# Ex1 - Getting and Knowing your Data


### Step 1: Initialize PySpark Session



In [1]:
from pyspark.sql import SparkSession

# Create a Spark session
spark = SparkSession.builder.appName("Day1").getOrCreate()


23/08/29 14:24:24 WARN Utils: Your hostname, kushal-Latitude-E5440 resolves to a loopback address: 127.0.1.1; using 172.16.5.134 instead (on interface wlp2s0)
23/08/29 14:24:24 WARN Utils: Set SPARK_LOCAL_IP if you need to bind to another address
Setting default log level to "WARN".
To adjust logging level use sc.setLogLevel(newLevel).
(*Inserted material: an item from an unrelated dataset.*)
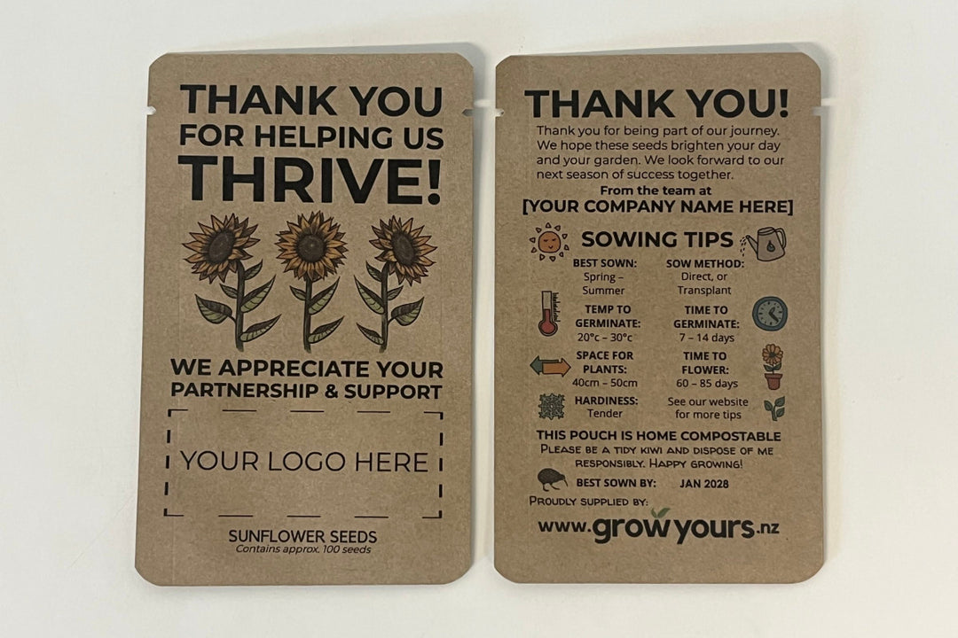 Our seeds are hand packed in NZ made home-compostable high-barrier packets. We include key sowing tips on the back of each packet to help you make the most of what you sow. Plus every order is backed by our Sow & Grow Guarantee.

For SparkR, use setLogLevel(newLevel).
23/08/29 14:24:25 WARN NativeCodeLoader: Unable to load native-hadoop library for your platform... using builtin-java classes where applicable
23/08/29 14:24:27 WARN Utils: Service 'SparkUI' could not bind on port 4040. Attempting port 4041.


### Step 2: Load the Dataset





In [2]:
# Load the Chipotle dataset into a Spark DataFrame
data_path = 'chipotle.csv' # Replace with the actual path
df = spark.read.csv(data_path, header=True, inferSchema=True)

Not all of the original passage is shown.